DESCRIPTION OF THE TASK.
From the entries below, retype only the lines from the one with "Skylineblick bei Tag." through the one with "米軍では発達具合に合わせて色", exactly as written.
++++ EXTRACTED ENTRIES ++++
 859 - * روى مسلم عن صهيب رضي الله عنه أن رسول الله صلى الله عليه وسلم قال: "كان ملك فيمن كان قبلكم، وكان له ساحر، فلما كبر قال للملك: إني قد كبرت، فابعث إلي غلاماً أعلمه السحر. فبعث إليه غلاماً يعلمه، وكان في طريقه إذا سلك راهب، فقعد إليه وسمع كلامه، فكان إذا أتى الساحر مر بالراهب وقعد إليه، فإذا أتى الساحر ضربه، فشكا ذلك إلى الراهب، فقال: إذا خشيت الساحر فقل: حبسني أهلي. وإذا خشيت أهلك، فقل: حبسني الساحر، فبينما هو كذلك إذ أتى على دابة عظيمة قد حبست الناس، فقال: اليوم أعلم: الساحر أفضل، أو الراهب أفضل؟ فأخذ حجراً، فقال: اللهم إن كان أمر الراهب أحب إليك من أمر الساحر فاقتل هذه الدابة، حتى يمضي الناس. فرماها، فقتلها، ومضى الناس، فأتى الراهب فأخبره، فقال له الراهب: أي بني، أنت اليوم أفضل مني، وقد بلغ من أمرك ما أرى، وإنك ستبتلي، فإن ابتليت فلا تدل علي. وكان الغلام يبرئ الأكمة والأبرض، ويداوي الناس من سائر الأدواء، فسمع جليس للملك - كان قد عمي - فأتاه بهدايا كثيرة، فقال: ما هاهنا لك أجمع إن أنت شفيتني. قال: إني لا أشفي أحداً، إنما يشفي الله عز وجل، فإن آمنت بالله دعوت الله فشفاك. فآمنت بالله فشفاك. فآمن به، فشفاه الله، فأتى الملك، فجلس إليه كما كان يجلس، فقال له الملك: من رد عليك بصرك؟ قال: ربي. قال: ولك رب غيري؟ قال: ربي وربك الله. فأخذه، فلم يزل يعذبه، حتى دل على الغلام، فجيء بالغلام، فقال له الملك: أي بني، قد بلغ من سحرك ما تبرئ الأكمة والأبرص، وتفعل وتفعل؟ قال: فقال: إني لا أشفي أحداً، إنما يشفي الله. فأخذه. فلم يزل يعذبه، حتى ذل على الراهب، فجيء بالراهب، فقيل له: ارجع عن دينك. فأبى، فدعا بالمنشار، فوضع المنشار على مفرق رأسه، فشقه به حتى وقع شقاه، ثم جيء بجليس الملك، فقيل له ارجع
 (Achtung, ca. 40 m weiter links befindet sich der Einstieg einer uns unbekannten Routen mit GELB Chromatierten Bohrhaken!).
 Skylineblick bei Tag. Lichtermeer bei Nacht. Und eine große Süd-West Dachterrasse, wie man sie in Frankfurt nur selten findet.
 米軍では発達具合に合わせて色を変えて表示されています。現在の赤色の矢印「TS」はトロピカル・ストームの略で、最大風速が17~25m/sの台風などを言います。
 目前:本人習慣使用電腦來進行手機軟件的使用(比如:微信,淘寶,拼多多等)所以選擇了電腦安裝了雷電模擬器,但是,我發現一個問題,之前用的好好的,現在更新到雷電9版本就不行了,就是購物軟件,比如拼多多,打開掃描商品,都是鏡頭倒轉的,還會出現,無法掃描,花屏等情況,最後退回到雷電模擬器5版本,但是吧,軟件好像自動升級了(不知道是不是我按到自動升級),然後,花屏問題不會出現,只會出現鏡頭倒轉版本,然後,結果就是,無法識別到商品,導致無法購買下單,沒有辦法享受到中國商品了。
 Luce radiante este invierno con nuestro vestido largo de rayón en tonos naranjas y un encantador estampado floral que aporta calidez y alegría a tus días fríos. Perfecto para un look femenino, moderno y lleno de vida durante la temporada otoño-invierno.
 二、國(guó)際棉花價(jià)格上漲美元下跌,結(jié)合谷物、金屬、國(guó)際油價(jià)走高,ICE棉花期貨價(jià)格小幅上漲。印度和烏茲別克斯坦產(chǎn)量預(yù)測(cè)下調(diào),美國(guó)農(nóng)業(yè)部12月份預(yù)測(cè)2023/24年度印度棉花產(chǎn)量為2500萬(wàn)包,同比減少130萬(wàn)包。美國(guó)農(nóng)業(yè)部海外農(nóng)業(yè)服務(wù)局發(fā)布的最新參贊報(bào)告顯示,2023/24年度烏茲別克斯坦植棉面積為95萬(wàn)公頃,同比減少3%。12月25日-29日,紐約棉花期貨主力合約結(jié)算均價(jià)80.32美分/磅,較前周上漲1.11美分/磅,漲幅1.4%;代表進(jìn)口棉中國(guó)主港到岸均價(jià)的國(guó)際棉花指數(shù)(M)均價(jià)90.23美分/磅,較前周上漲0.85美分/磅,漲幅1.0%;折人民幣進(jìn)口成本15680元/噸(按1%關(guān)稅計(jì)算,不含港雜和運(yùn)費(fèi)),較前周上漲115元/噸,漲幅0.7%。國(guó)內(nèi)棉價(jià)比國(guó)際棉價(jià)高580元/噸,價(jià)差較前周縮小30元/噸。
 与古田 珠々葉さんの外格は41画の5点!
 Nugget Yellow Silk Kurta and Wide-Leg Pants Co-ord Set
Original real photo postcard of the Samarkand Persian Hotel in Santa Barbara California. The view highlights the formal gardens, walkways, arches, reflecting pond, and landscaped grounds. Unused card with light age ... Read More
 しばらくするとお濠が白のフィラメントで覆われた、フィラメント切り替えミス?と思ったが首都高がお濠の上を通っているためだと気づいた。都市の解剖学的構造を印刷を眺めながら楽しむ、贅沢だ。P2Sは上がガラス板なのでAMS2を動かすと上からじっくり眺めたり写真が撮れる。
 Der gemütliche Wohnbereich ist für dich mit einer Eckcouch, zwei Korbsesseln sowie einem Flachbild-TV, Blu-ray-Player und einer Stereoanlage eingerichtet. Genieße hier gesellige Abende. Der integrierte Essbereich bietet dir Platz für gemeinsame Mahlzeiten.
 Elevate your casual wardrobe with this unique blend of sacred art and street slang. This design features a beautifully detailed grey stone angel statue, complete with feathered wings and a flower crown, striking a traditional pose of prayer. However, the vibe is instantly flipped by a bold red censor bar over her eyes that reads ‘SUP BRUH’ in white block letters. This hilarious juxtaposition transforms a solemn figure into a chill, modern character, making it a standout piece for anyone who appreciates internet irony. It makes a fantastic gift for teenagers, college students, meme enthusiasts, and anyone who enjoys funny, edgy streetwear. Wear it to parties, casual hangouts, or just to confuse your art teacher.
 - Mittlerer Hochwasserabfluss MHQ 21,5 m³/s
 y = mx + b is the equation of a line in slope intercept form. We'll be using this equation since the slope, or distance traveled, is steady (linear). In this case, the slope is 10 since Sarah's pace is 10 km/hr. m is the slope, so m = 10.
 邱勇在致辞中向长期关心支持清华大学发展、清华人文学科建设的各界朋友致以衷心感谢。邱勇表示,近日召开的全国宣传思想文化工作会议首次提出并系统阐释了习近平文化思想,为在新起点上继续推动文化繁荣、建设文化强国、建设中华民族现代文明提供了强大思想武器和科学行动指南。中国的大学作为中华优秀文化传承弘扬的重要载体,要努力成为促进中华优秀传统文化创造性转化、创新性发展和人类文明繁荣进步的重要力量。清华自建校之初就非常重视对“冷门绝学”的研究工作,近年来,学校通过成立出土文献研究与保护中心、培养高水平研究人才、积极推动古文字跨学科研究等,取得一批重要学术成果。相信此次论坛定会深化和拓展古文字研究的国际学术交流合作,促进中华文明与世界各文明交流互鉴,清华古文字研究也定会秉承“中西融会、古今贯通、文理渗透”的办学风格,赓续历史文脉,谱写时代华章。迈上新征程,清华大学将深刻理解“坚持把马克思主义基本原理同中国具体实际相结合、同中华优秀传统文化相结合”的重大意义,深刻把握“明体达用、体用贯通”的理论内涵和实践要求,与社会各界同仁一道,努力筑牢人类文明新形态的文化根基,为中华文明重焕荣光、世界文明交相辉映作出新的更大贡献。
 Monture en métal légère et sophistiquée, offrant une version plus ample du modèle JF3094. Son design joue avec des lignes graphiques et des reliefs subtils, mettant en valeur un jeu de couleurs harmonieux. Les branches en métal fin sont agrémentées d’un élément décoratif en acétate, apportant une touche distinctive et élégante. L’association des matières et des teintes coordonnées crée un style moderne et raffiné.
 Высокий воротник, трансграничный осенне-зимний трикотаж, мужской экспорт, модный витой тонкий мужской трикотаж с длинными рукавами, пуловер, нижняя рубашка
++++
EXERCISE RESULT.
 Skylineblick bei Tag. Lichtermeer bei Nacht. Und eine große Süd-West Dachterrasse, wie man sie in Frankfurt nur selten findet.
 米軍では発達具合に合わせて色を変えて表示されています。現在の赤色の矢印「TS」はトロピカル・ストームの略で、最大風速が17~25m/sの台風などを言います。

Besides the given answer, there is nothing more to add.